[Extracted records]
========================================================================

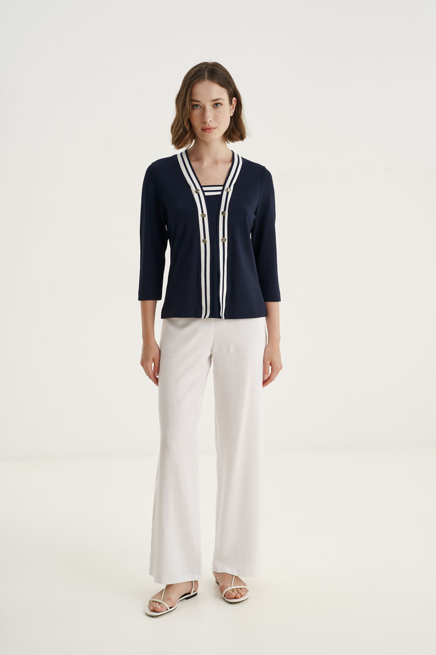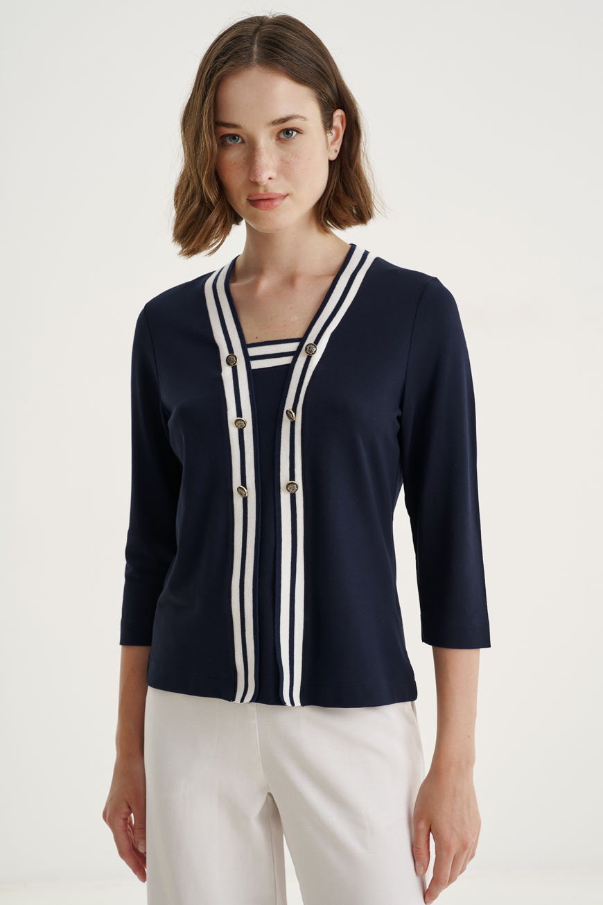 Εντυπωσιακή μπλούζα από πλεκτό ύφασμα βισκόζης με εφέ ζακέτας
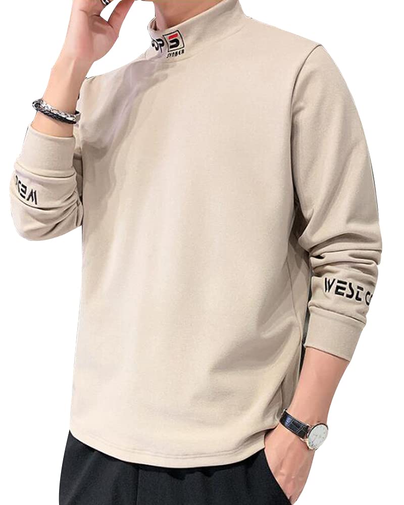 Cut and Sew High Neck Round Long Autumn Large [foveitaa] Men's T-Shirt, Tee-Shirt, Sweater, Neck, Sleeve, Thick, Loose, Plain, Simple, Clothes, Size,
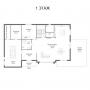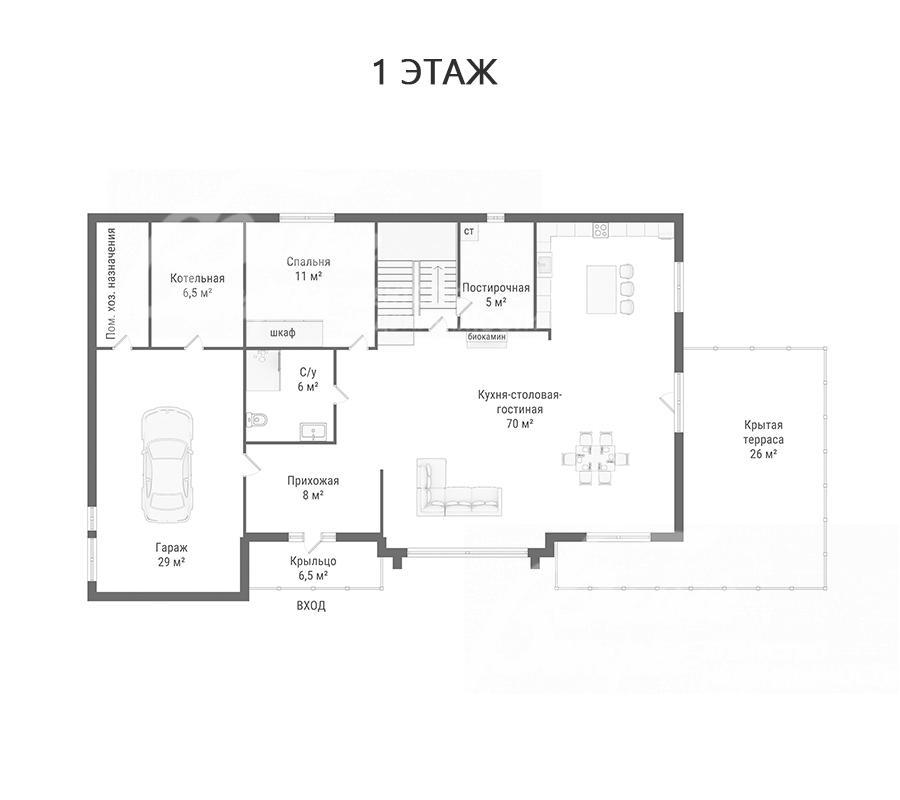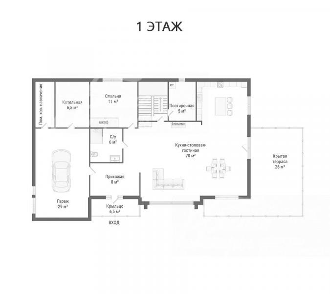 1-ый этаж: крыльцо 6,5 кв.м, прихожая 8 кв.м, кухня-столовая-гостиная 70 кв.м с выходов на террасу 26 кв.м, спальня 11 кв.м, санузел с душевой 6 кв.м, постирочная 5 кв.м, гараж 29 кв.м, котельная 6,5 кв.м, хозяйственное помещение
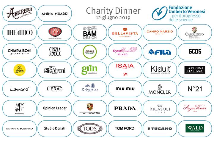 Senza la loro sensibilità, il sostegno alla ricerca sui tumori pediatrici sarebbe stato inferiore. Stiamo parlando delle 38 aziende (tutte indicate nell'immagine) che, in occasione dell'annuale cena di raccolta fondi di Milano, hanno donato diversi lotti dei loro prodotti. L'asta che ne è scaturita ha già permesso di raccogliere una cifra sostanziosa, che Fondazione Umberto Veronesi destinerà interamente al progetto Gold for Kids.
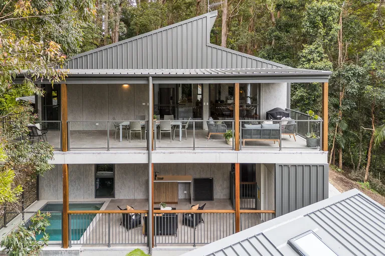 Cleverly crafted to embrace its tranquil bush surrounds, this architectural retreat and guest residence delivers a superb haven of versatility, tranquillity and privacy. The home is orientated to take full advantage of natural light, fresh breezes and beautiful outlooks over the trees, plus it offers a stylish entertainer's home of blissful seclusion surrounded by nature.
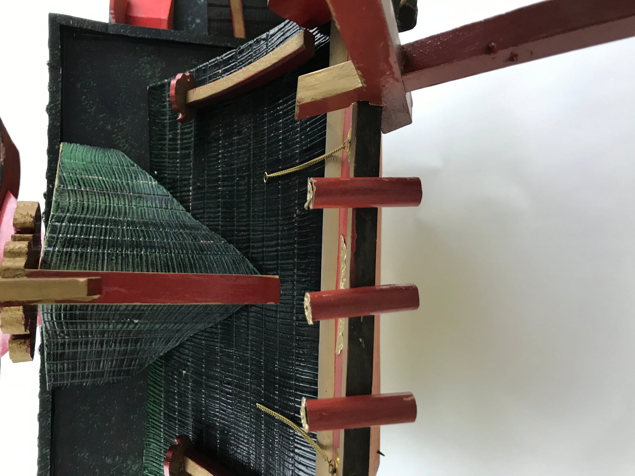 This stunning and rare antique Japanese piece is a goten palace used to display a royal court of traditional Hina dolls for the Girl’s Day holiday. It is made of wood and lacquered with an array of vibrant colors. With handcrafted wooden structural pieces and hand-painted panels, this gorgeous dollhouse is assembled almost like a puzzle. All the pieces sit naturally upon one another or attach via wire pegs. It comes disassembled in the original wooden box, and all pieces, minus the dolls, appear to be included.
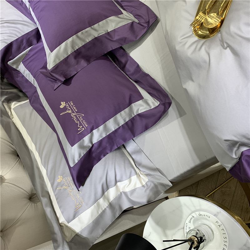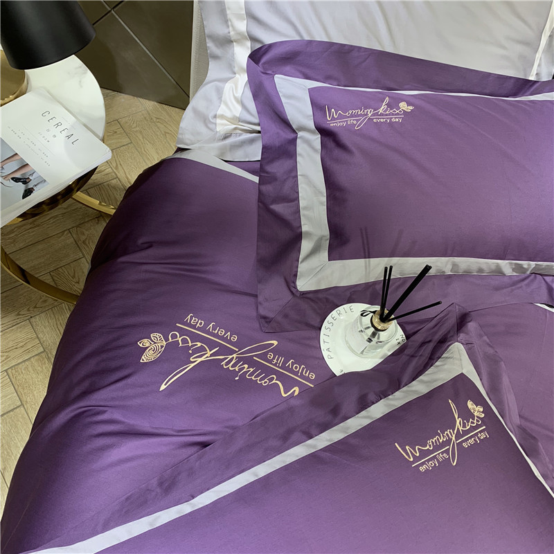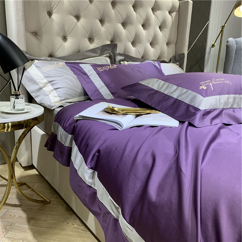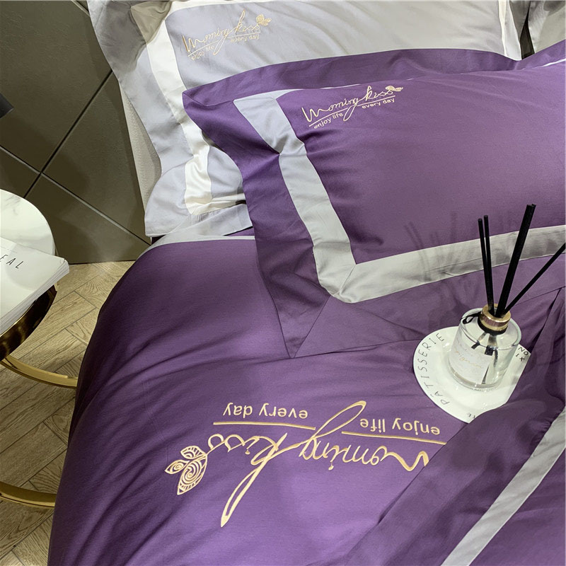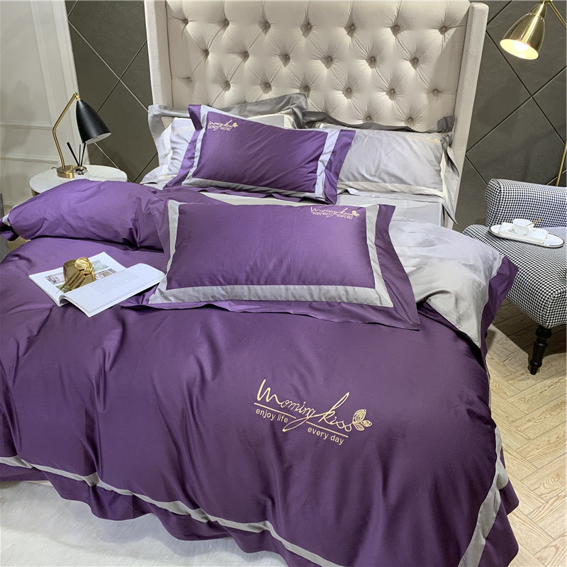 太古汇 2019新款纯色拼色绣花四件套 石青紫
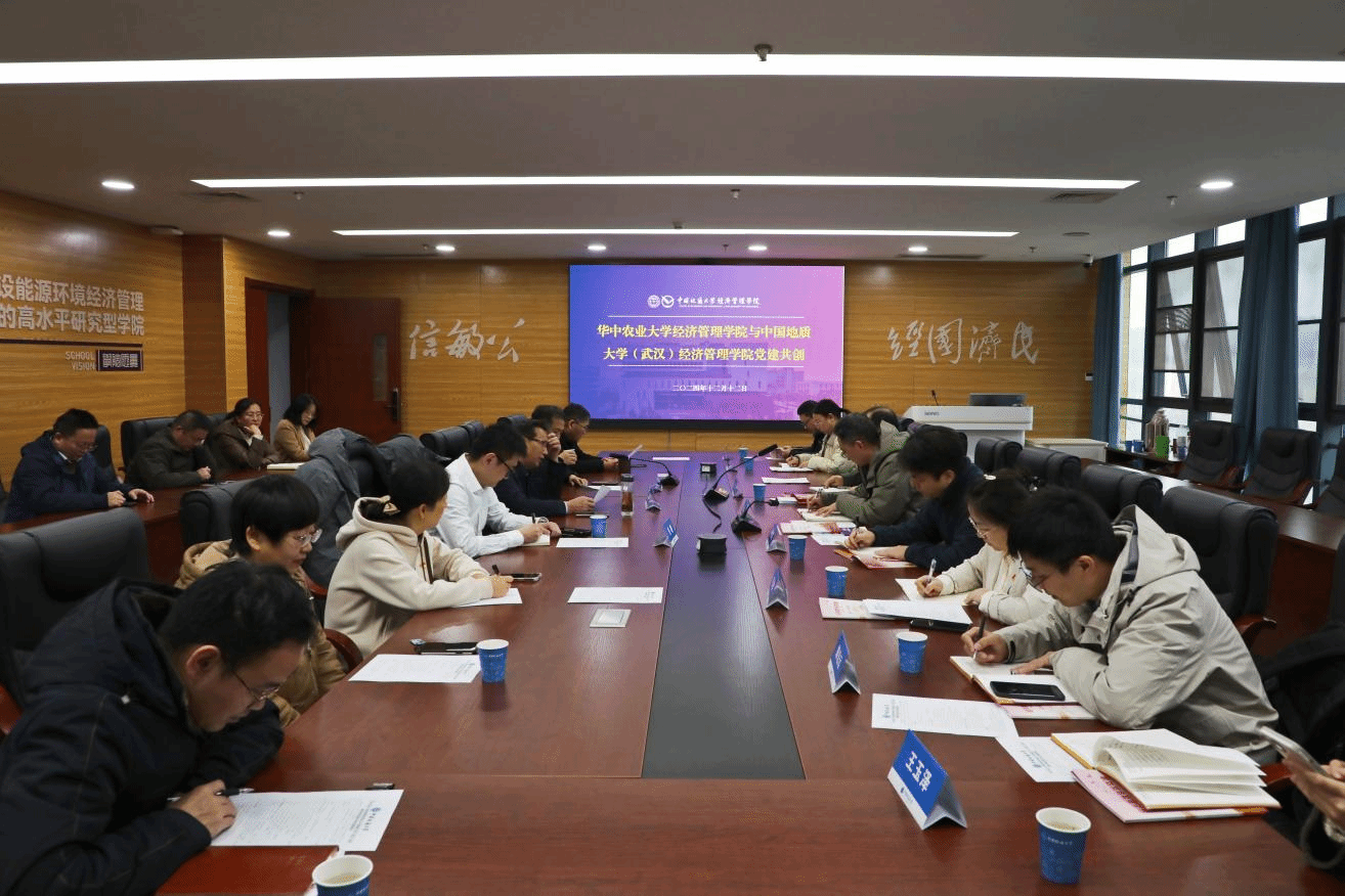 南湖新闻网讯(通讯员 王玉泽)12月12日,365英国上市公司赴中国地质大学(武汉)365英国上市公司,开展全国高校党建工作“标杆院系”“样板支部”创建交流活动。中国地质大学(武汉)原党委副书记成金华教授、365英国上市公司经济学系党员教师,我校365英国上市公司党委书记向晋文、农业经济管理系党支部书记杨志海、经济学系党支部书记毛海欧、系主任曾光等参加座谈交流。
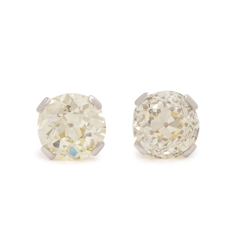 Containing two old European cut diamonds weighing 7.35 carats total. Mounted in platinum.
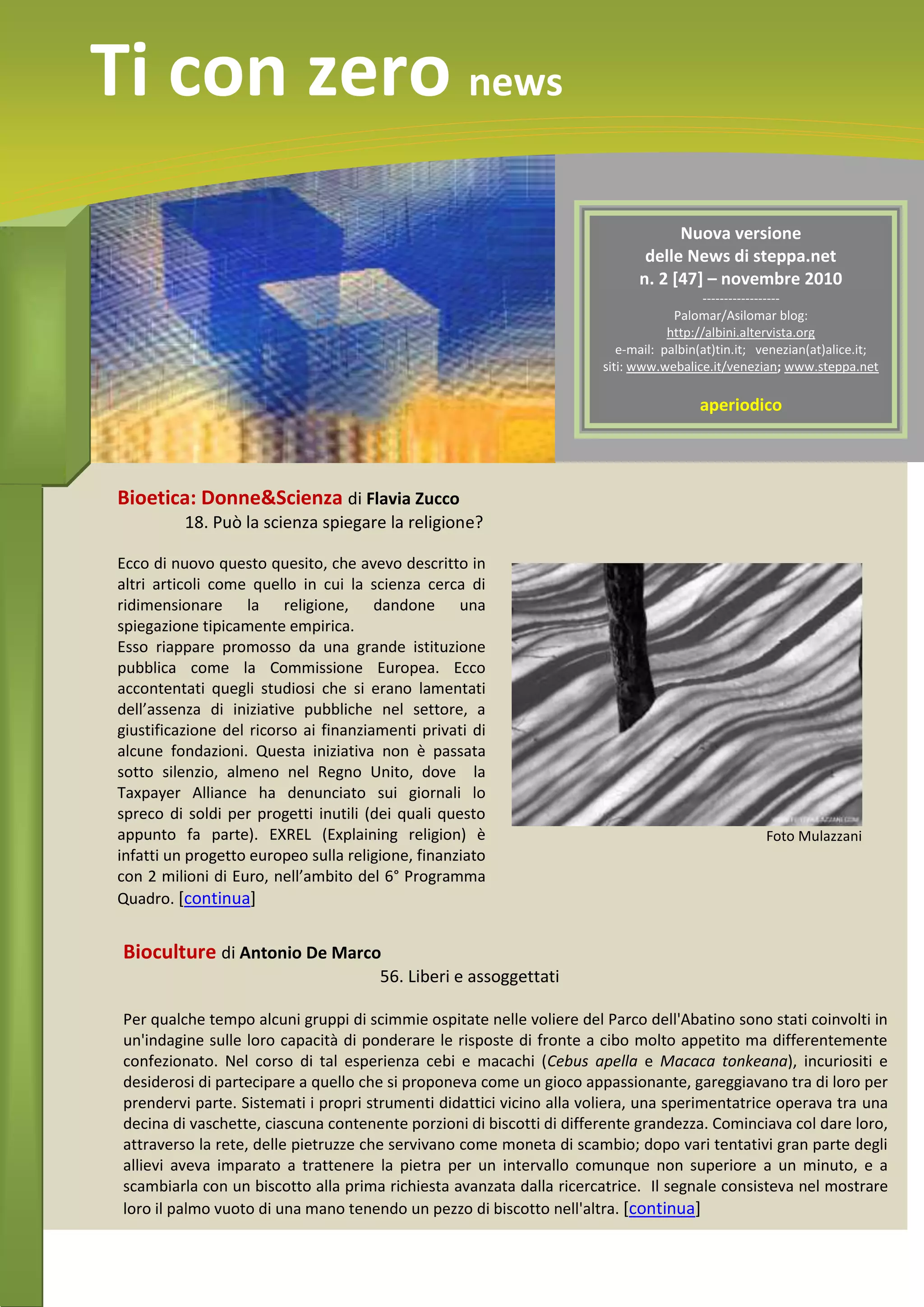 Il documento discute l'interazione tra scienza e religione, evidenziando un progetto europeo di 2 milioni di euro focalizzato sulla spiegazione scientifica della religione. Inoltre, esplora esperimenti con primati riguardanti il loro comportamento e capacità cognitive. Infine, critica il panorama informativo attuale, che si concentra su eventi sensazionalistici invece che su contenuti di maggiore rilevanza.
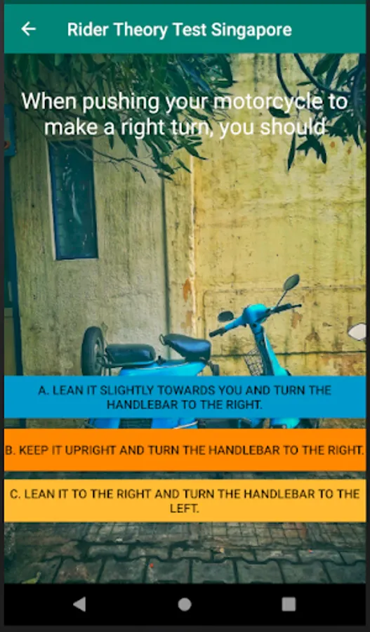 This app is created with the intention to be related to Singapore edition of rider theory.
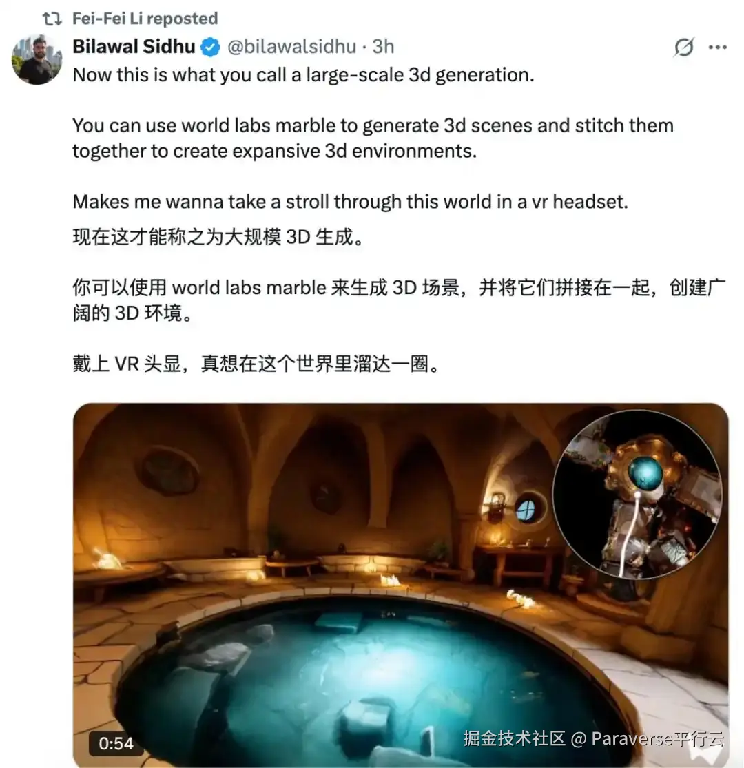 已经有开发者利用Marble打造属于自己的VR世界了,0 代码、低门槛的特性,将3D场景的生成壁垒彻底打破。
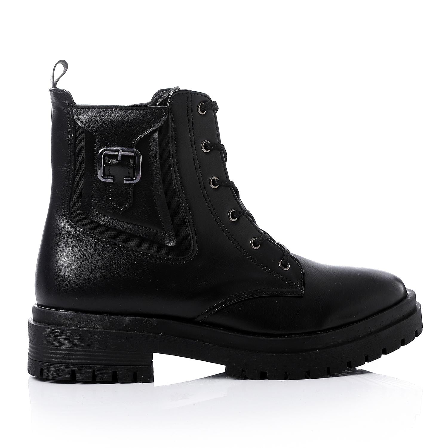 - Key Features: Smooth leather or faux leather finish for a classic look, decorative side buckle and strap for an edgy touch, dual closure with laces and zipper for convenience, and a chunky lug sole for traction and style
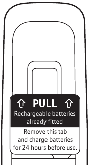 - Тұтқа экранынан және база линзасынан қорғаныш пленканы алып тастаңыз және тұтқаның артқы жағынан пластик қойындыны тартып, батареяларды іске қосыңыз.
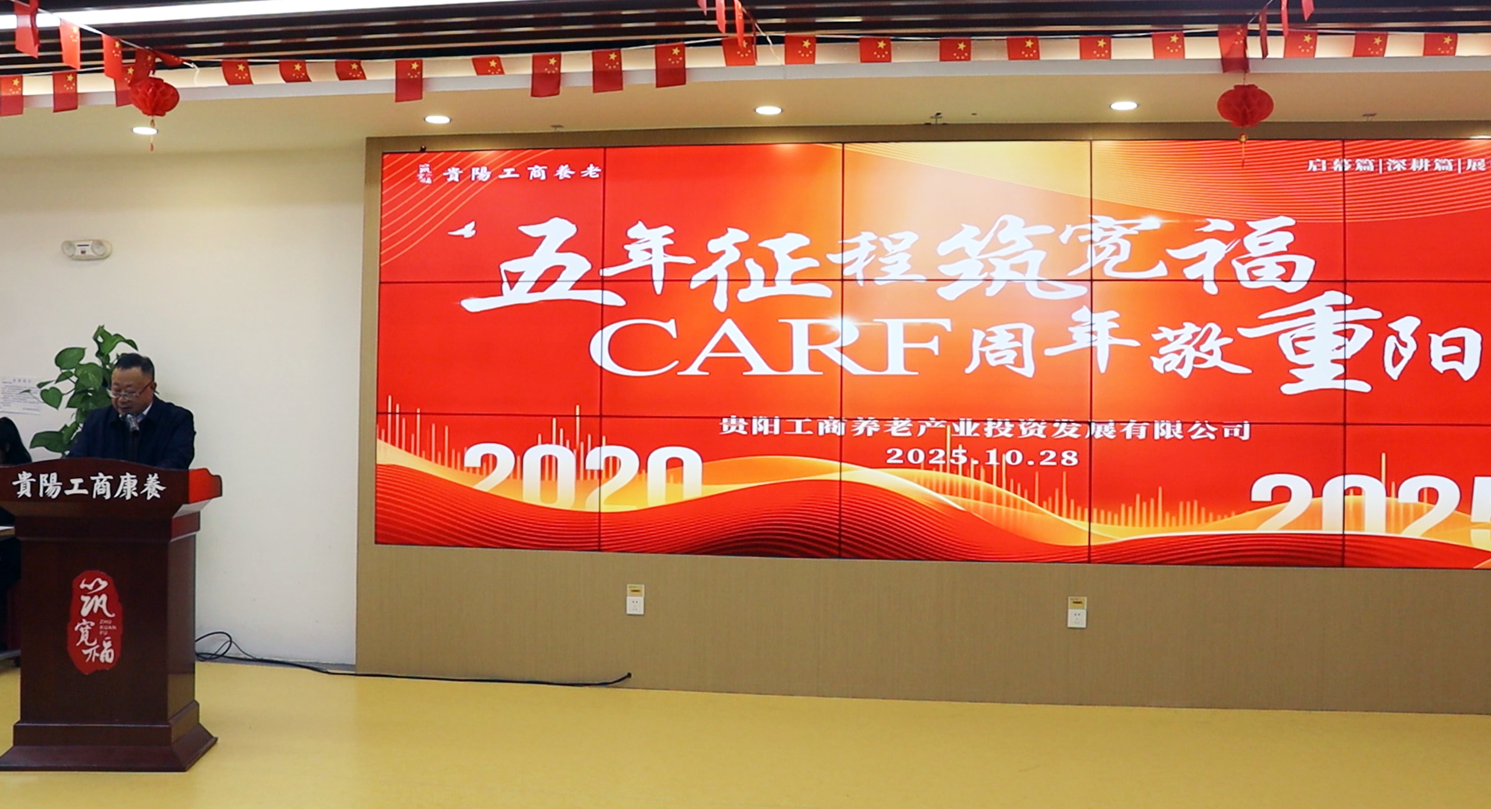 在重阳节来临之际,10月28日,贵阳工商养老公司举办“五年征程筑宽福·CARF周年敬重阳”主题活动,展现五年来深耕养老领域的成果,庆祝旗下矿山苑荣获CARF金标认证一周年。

========================================================================

Try it: What you return must be the entries above, exactly as they appear, without any pictures.

Output for this task:
 Εντυπωσιακή μπλούζα από πλεκτό ύφασμα βισκόζης με εφέ ζακέτας
 Cut and Sew High Neck Round Long Autumn Large [foveitaa] Men's T-Shirt, Tee-Shirt, Sweater, Neck, Sleeve, Thick, Loose, Plain, Simple, Clothes, Size,
 1-ый этаж: крыльцо 6,5 кв.м, прихожая 8 кв.м, кухня-столовая-гостиная 70 кв.м с выходов на террасу 26 кв.м, спальня 11 кв.м, санузел с душевой 6 кв.м, постирочная 5 кв.м, гараж 29 кв.м, котельная 6,5 кв.м, хозяйственное помещение
 Senza la loro sensibilità, il sostegno alla ricerca sui tumori pediatrici sarebbe stato inferiore. Stiamo parlando delle 38 aziende (tutte indicate nell'immagine) che, in occasione dell'annuale cena di raccolta fondi di Milano, hanno donato diversi lotti dei loro prodotti. L'asta che ne è scaturita ha già permesso di raccogliere una cifra sostanziosa, che Fondazione Umberto Veronesi destinerà interamente al progetto Gold for Kids.
 Cleverly crafted to embrace its tranquil bush surrounds, this architectural retreat and guest residence delivers a superb haven of versatility, tranquillity and privacy. The home is orientated to take full advantage of natural light, fresh breezes and beautiful outlooks over the trees, plus it offers a stylish entertainer's home of blissful seclusion surrounded by nature.
 This stunning and rare antique Japanese piece is a goten palace used to display a royal court of traditional Hina dolls for the Girl’s Day holiday. It is made of wood and lacquered with an array of vibrant colors. With handcrafted wooden structural pieces and hand-painted panels, this gorgeous dollhouse is assembled almost like a puzzle. All the pieces sit naturally upon one another or attach via wire pegs. It comes disassembled in the original wooden box, and all pieces, minus the dolls, appear to be included.
 太古汇 2019新款纯色拼色绣花四件套 石青紫
 南湖新闻网讯(通讯员 王玉泽)12月12日,365英国上市公司赴中国地质大学(武汉)365英国上市公司,开展全国高校党建工作“标杆院系”“样板支部”创建交流活动。中国地质大学(武汉)原党委副书记成金华教授、365英国上市公司经济学系党员教师,我校365英国上市公司党委书记向晋文、农业经济管理系党支部书记杨志海、经济学系党支部书记毛海欧、系主任曾光等参加座谈交流。
 Containing two old European cut diamonds weighing 7.35 carats total. Mounted in platinum.
 Il documento discute l'interazione tra scienza e religione, evidenziando un progetto europeo di 2 milioni di euro focalizzato sulla spiegazione scientifica della religione. Inoltre, esplora esperimenti con primati riguardanti il loro comportamento e capacità cognitive. Infine, critica il panorama informativo attuale, che si concentra su eventi sensazionalistici invece che su contenuti di maggiore rilevanza.
 This app is created with the intention to be related to Singapore edition of rider theory.
 已经有开发者利用Marble打造属于自己的VR世界了,0 代码、低门槛的特性,将3D场景的生成壁垒彻底打破。
 - Key Features: Smooth leather or faux leather finish for a classic look, decorative side buckle and strap for an edgy touch, dual closure with laces and zipper for convenience, and a chunky lug sole for traction and style
 - Тұтқа экранынан және база линзасынан қорғаныш пленканы алып тастаңыз және тұтқаның артқы жағынан пластик қойындыны тартып, батареяларды іске қосыңыз.
 在重阳节来临之际,10月28日,贵阳工商养老公司举办“五年征程筑宽福·CARF周年敬重阳”主题活动,展现五年来深耕养老领域的成果,庆祝旗下矿山苑荣获CARF金标认证一周年。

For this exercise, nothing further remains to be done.